Haggis n neeps

babytiger

Eye of the tiger
Suspended / Banned
Messages
1,627
Name
eileen
Edit My Images
Yes
Anyone hud their haggis n neeps tonight and a wee dram tae wash it doon ?
 
yep - and dinnae forget the tatties
 
Yes indeedy.....for the rest of the week by the looks of it too :lol:

4303476475_5c51d6aeec.jpg
 
We've got our rugby club Burns Night on Friday :D
 
Managed to get a haggis from Spainsburys, had it with tatties and carrots. Had some neeps too but the Spanish don't have very good neeps.
Forgot about the booze though. :eek:
 
I had a genuine one all the way from Sunny Scotland Yesterday.

We had neeps n tatties and fillet steak with it. Twas B....E.....A..... UUUUUUTIFUL!


I lurve da Haggis :love:
 
For all these english folks that don't believe haggis is a real beastie........
A haggis family....

babyhaggis11.jpg



Haggis, also known as 'The Great Chieftain o' the Puddin' Race'. The origins of this nickname for haggis comes from the poem Address to a Haggis by Robert Burns, the national poet of Scotland. It is thought that the origins of the word haggis comes from the old Scots word hag which meant to chop or to hack.

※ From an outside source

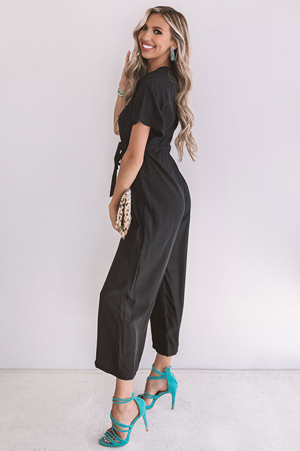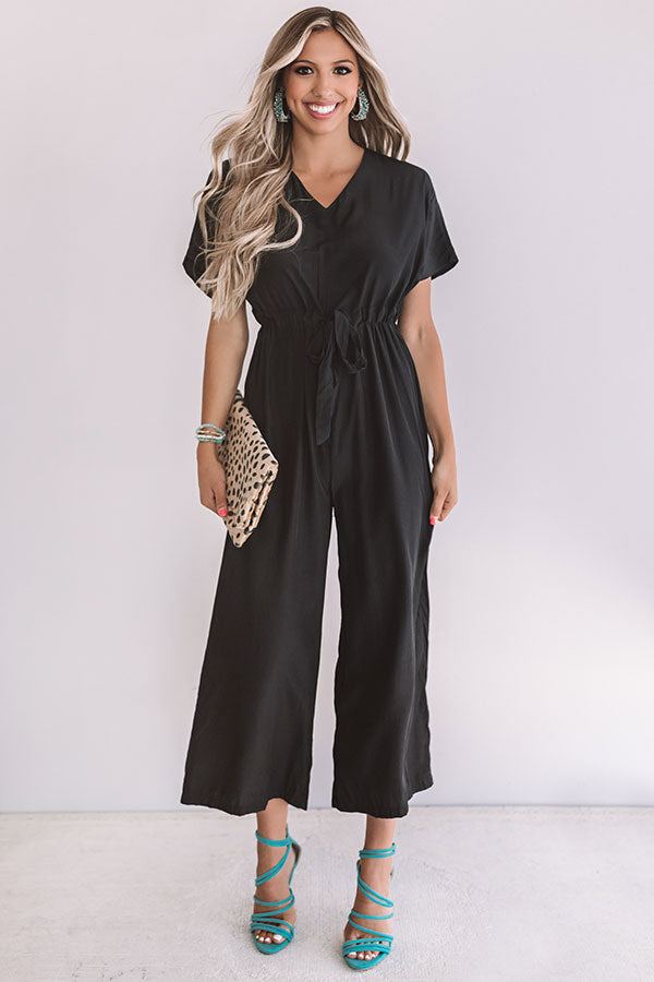 Freedom lies in being bold and nothing screams bold like a satin jumpsuit! This black piece will have you wishing for wine during the work day with its soft flowy fit, tie belt, and keyhole cutout in the back with a clasp closure! Pair with your best heel and favorite clutch for an outfit that will take you from day time to play time! Measurements

A haggis is a small animal native to Scotland. Well when I say animal, actually it's a bird with vestigial wings - like the ostrich. Because the habitat of the haggis is exclusively mountainous, and because it is always found on the sides of Scottish mountains, it has evolved a rather strange gait. The poor thing has only three legs, and each leg is a different length - the result of this is that when hunting haggis, you must get them on to a flat plain - then they are very easy to catch - they can only run round in circles
 
It's in ma blood,
i've only had haggis twice in Port Glasgow and i loved it but i must admit i've never looked for it in supermarkets, does it exist in England ? i have bought lorne sausage and slice though a while ago.
I get quite jealous when i hear of people going on a burns night here.
Happy Burns !
 
There's a funny story of American tourists who spent a holiday in Scotland, only to be disappointed when they took to the hills in search of "The Wee Beastie" lol and never once got a single sighting. legendary :lol:
 
Just saw on TV when the seas run out of fish it will be Jellyfish & Chips for the future.
 
She add it with all the trimmings.............I had chips n egg and runny yolks.................beats grit n woteva any day............yup no grit in my egg
 
will somemeone take er bak to scotland................shes goin on about white puddin now sayin its as good as Black pudding, if its owt like she says we may as well eat the road as haggis is like grit and she says she loves it, bit o tarmac.............lovely
 
will somemeone take er bak to scotland................shes goin on about white puddin now sayin its as good as Black pudding, if its owt like she says we may as well eat the road as haggis is like grit and she says she loves it, bit o tarmac.............lovely


Southern softie :lol:
 
we escaped burns night in the mess this year thank god.... sorry but i really do not like haggis and it would have to have been piped in and i hate bag pipes...
 
I do it especially to pee of the jocks! :p

you're just jealous ;)

Scottish Inventors and Inventions

The average Englishman in the home he call his castle slips into his national costume, a shabby raincoat, patented by Chemist Charles Macintosh from Glasgow, Scotland.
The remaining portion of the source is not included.